При таком понимании в истории нет единства, а следовательно, нет ни структуры, ни смысла, разве только этот смысл и эта структура находят свое выражение в необозримом числе каузальных сцеплений и образований, подобных тем, которые встречаются в природе, но значительно менее точно определяемых.
Между тем задача философии истории решается в поисках этого единства, этого смысла, структуры мировой истории, а она может быть связана только с человечеством в целом.
История и настоящее становятся для нас нерасторжимыми.
Историческое сознание заключено в рамки некоей полярности.
В одном случае я отступаю, вижу в истории нечто противоположное, подобное далекому горному хребту, в ее целостности, в ее основных линиях и особенных явлениях. В другом — полностью погружаюсь в настоящее в его целостности, в данное мгновение, которое есть, в котором нахожусь я, в глубинах которого история становится для меня настоящим, тем, что есть я сам.

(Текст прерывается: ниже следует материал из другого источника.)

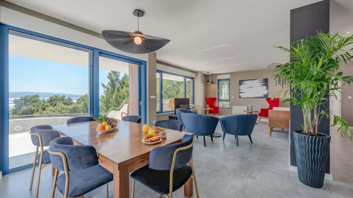 The Makarska Riviera is one of the most sought-after areas in Croatia and connects the Biokovo Mountains with the turquoise Adriatic Sea, offering an ideal environment for relaxation and an active lifestyle. The villa is situated in a quiet location with excellent access to the centre of Makarska, where all amenities are located - restaurants, shops, cafes and the marina. Thanks to the fast connection to the main roads, it is possible to comfortably reach the Split airport, which is approximately 90 minutes away.
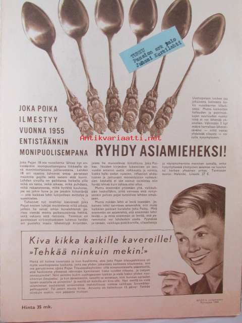 | Saatavilla | 1 kpl | | Julkaisuvuosi | 1955 | | Sivuja | 19 | | Kunto | K2 | | Sidonta/painoasu | Lehti | | Kielet | Suomi |

То и другое необходимо в равной степени — как объективность истории в качестве другого, существующего и без меня, так и субъективность этого «теперь», без которого то другое не имеет для меня смысла. Одно обретает действительную жизненность благодаря другому. Каждое из них в отдельности лишает историю ее действительности, либо превращает ее! в бесконечное знание, наполненное любым содержанием, либо предает ее забвению.
Но как осуществляется соединение обоих моментов? Не посредством рационального метода. Движение одного контролирует движение другого, одновременно способствуя ему.
Эта основная ситуация исторического сознания определяет способ того, как мы обнаруживаем структуру истории в ее целостности. Отказаться от этого невозможно, ибо тогда-то убеждение станет неожиданно и неконтролируемо господствовать над нашими
275
воззрениями. Осуществить его означает оставить его нерешенным, тогда как оно ведь есть фактор сознания нашего бытия.
В то время как исследование и экзистенция с ее сознанием бытия осуществляется в напряженном соотношении друг с другом, в самом исследовании царит напряжение как в целом, так и в мельчайшей его области. Историческое осознание тотальности в сочетании с любовью и близостью к особенному создает представление о мире, в котором человек можег жить, оставаясь самим собой и сохраняя свою почву. Открытость в даль истории и самоотождествление с настоящим, понимание истории в целом и жизнь в истоках настоящего — в напряженности всех этих факторов становится возможным такой человек, который, будучи отброшен в свою абсолютную истооичность, приходит к пониманию самого себя.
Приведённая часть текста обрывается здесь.